R 4.3.0 is due to be released around April 2023. The following gives a selection of the most important changes in R-devel, which are likely to appear in the new release.
There are a number of (robustness) improvements in the handling of dates
and times. These include warnings about extrapolation for datetimes before
1902/1900, finer control for padding when printing years, improved detection
of offset with strftime()
(%z
), inclusion of system time zone and
information on timezone support implementation in sessionInfo()
, more
robust handling of hand-crafted POSIXlt
objects, optional support for
using system timezone support on recent macOS, improved detection of the
system time zone on Windows and improved default tick locations and default
formats in axis.Date()
and axis.POSIXct()
.
Performance of regular expression operations in R has been improved by
reducing the costs of encoding conversions. With perl=FALSE
, all
inputs have to be converted to UTF-16 or UTF-32, and the conversion is
now faster. With perl=TRUE
, performance has been improved by opting
out from duplicate checks for UTF-8 validity in PCRE2. With
fixed=TRUE
, performance has been improved by taking advantage of the
properties of UTF-8. One of the motivations for the speedups was to
reduce the incentive for using useBytes=TRUE
with regular expression
operations, which often leads to incorrect results or errors due to
producing invalid strings.
See Speedups in operations with regular expressions for more information.

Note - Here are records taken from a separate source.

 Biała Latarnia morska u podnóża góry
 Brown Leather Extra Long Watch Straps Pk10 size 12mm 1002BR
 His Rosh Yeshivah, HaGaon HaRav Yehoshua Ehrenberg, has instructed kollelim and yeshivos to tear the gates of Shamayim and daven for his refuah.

The support for encoding-agnostic string operations in R using the
“bytes” encoding has been improved. It is now possible to read a text
file directly as bytes. Regexp operations, when creating new strings by
splitting or substituting, now also flag them as “bytes” when any of the
input has been flagged as such. This simplifies encoding-agnostic parsing
of files such as DESCRIPTION
. iconv(,from="")
now respects the
encoding flag of the input string, making it easier to recover from
type-instability in return values of regular expression operations.

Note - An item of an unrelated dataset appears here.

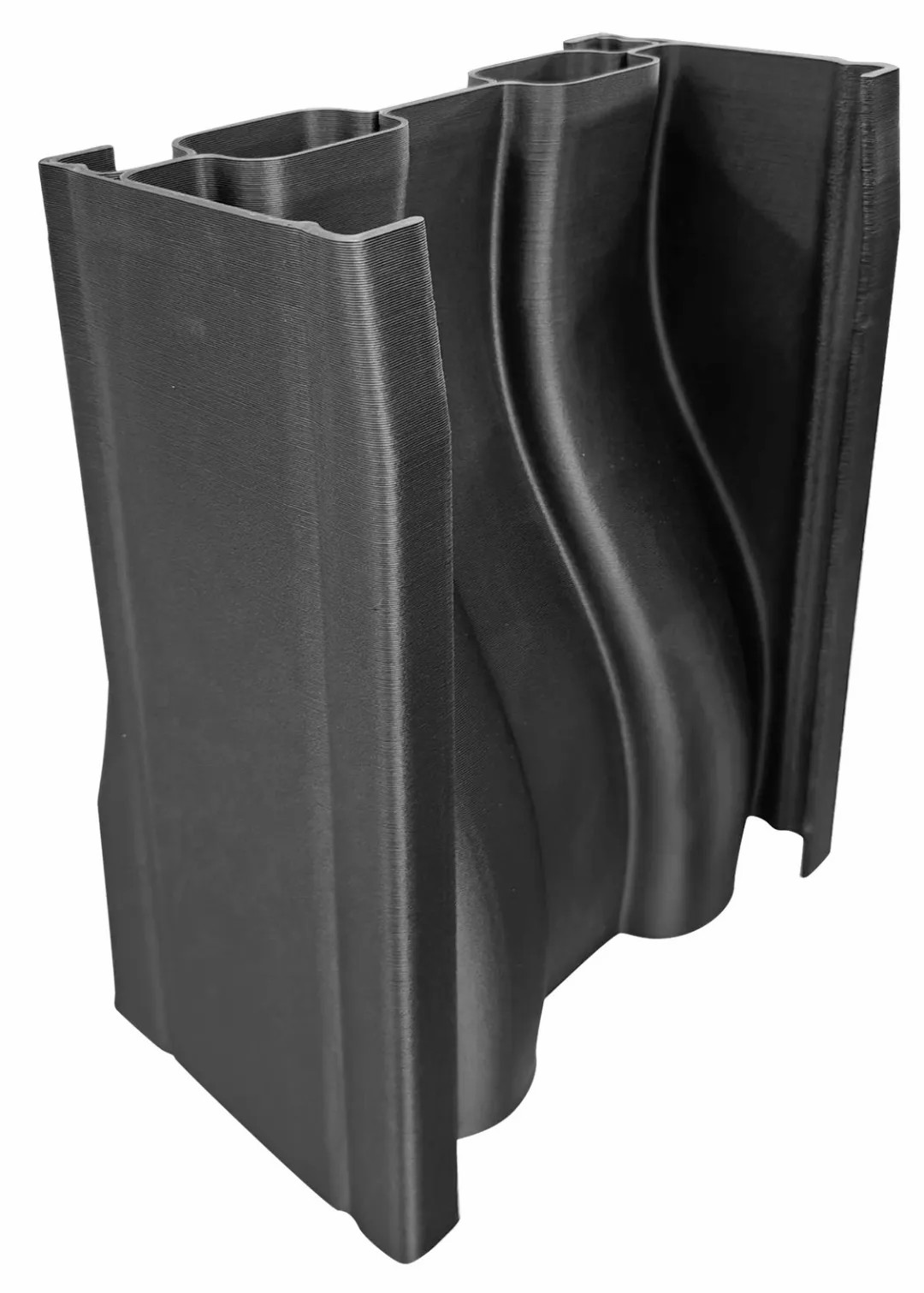 值得一提的是,對于如此復雜的結(jié)構(gòu),注塑成型和模壓成型都存在較大的挑戰(zhàn)。而伊之密團隊通過優(yōu)化SpaceA的打印工藝參數(shù),不僅實現(xiàn)了年產(chǎn)量18000件的小批量需求,而且降低了零件重量,節(jié)約了材料成本。

Improving the support for encoding-agnostic operations using the “bytes”
encoding comes together with stricter checking of validity of real
strings in a character encoding, e.g. “unknown/native”, which has been
helpful in revealing user errors. In the long term, it should also help
to simplify encoding support in R.
See Improvements in handling bytes encoding for more information. The blog includes a detailed introduction to string and encoding support in R.

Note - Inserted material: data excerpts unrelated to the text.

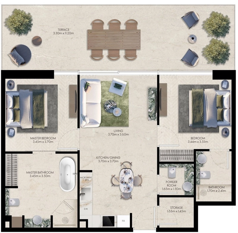 Vorteile: Der Grundriss bietet eine klare Trennung zwischen privaten und sozialen Bereichen. Die Schlafzimmer sind für Ruhe gruppiert, während das Wohnzimmer, die Küche und die Terrasse einen offenen, verbundenen Bereich für das tägliche Leben und Gäste schaffen. Die Einbeziehung einer Gästetoilette sorgt für zusätzlichen Komfort. Die Terrasse sorgt dafür, dass die Wohnung mit Tageslicht durchflutet ist.
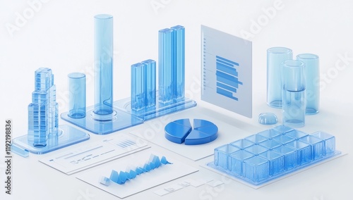 Modern financial analysis graphs and glass models illustrating business performance tracking
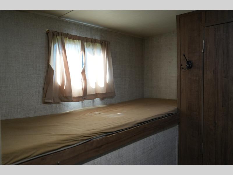 Features private rear bunkhouse with four bunks, front bedroom with queen-size bed, living area slide-out, and Optional outside kitchen. Call Today! 352.787.7744
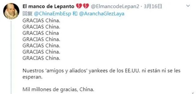 @ElmancodeLepanto:谢谢中国。我们的“朋友及盟友”——美国,既没有帮忙,我们也不指望他们。万分感谢,中国。
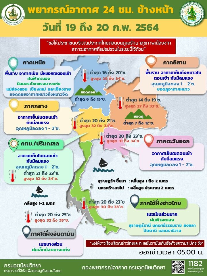 พยากรณ์อากาศ 19 ก.พ. 64 – กรมอุตุนิยมวิทยา รายงานลักษณะอากาศทั่วไป ประจำวันที่ 19 กุมภาพันธ์ 2564 พยากรณ์อากาศ 24 ชั่วโมงข้างหน้า ภาคตะวันออกเฉียงเหนือมีอากาศเย็นถึงหนาว ส่วนภาคอื่น ๆ มีอากาศเย็นโดยทั่วไป กับมีลมแรง และอุณหภูมิจะลดลง 1-2 องศาเซลเซียส สำหรับบริเวณยอดดอยและยอดภูมีอากาศหนาวถึงหนาวจัด เนื่องจากบริเวณความกดอากาศสูงหรือมวลอากาศเย็นกำลังปานกลางจากประเทศจีนยังคงแผ่ปกคลุมภาคตะวันออกเฉียงเหนือ ภาคตะวันออก ภาคกลางของประเทศไทย และทะเลจีนใต้
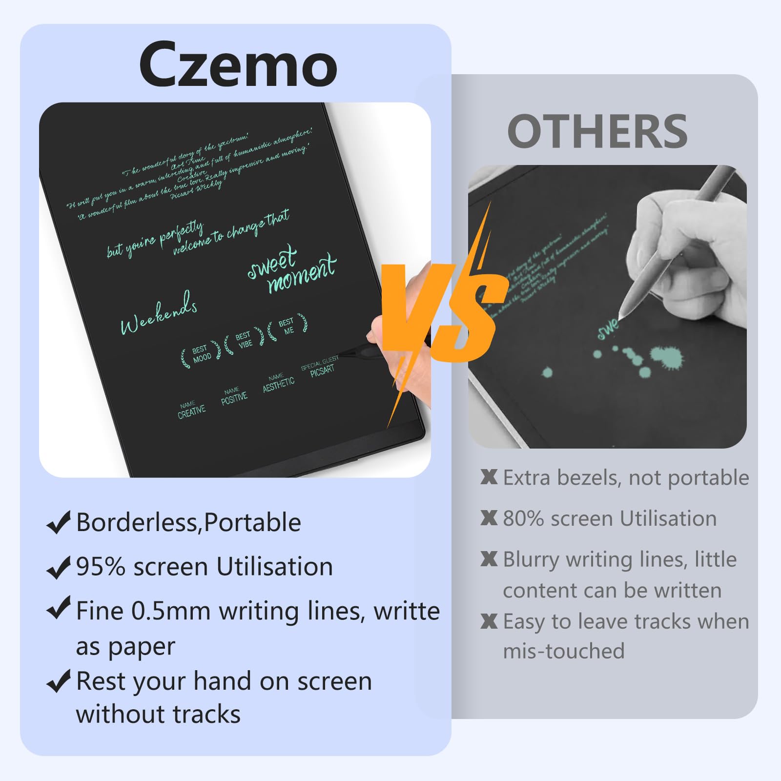 - ♻ SOTTILE E PORTATILE: sottile, leggero, perfetto per prendere appunti veloci e senza sforzo. Il profilo sottile della tavoletta grafica LCD da 9,5" la rende facile da riporre nello zaino o da portare con sé. Dì addio ai quaderni ingombranti e dai il benvenuto alla creatività ottimizzata con la lavagna LCD da 9,5 pollici di Czemo. Dimensioni: 20 x 13,5 cm
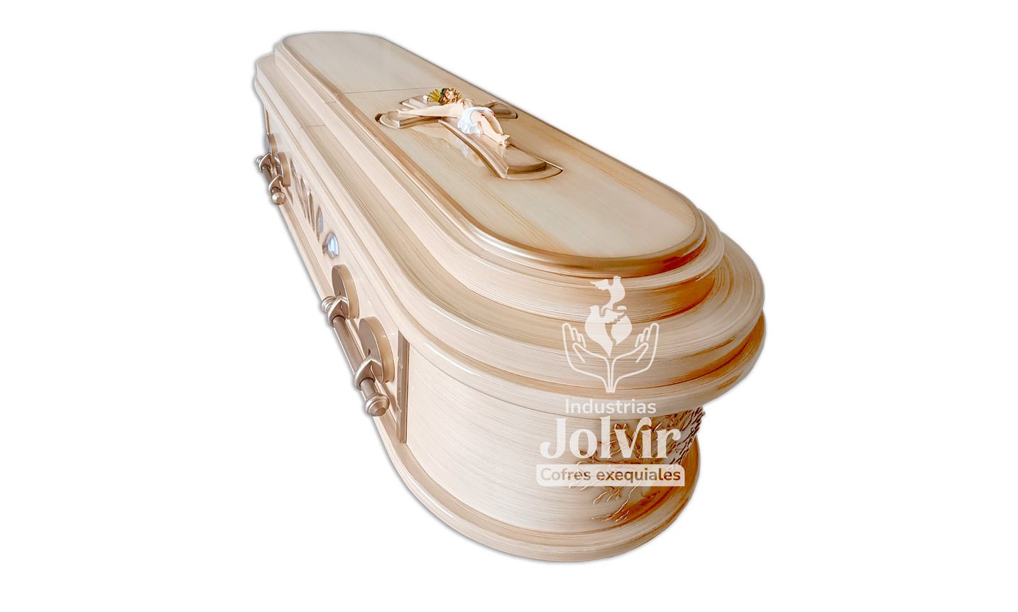 La línea Celestial representa serenidad, espiritualidad y un homenaje lleno de luz. Inspirada en conceptos de descanso eterno y armonía, esta colección combina materiales delicados con acabados suaves, ideales para despedidas llenas de significado.
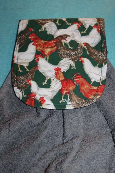 Välsydd spishandduk - fästes med kardborreband runt spishandtaget.

See Why to avoid \x in regular expressions
for related information on the danger of using \x
escapes in regular
expressions, which leads to errors, that are now more likely to be
detected by R. This is closely related as \x
is a common way to
create invalid strings.
The grDevices and grid packages have new functions for rendering typeset
glyphs, primarily: grDevices::glyphInfo()
and grid::grid.glyph()
.
The behaviour of compositing operators in grid::grid.group()
has been
tweaked to allow consistency across graphics devices.
The grDevices::quartz()
device will support gradient fills, pattern
fills, clipping paths, masks, compositing operators, affine
transformations, stroked/filled paths, and glyphs. To be soon merged to
R-devel.
Rgui
console on Windows now works better with the open-source NVDA
screen reader when the “full” blinking cursor is selected. This is due to
improved implementation of the console cursor (when it is displayed and
hidden with respect to application startup and window focus) on which
makes it easier for the screen reader to detect where the cursor is.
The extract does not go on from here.